• **What is needed**: Print the data below exactly, but only the lines from the one containing "Image Credits: A" down to the one containing "FIRST FLOOR PLAN DER 4.", inclusive.

• **Exercise data**:
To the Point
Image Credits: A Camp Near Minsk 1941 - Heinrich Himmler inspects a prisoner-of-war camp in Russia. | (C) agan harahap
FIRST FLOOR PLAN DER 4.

==

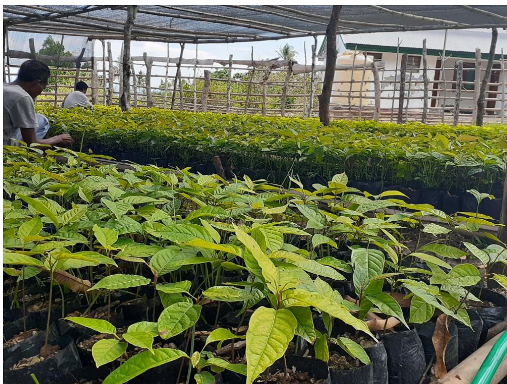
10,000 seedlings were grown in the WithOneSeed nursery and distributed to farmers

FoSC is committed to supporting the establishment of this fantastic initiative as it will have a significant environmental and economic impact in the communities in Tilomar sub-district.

• **Completed exercise**:
Image Credits: A Camp Near Minsk 1941 - Heinrich Himmler inspects a prisoner-of-war camp in Russia. | (C) agan harahap
FIRST FLOOR PLAN DER 4.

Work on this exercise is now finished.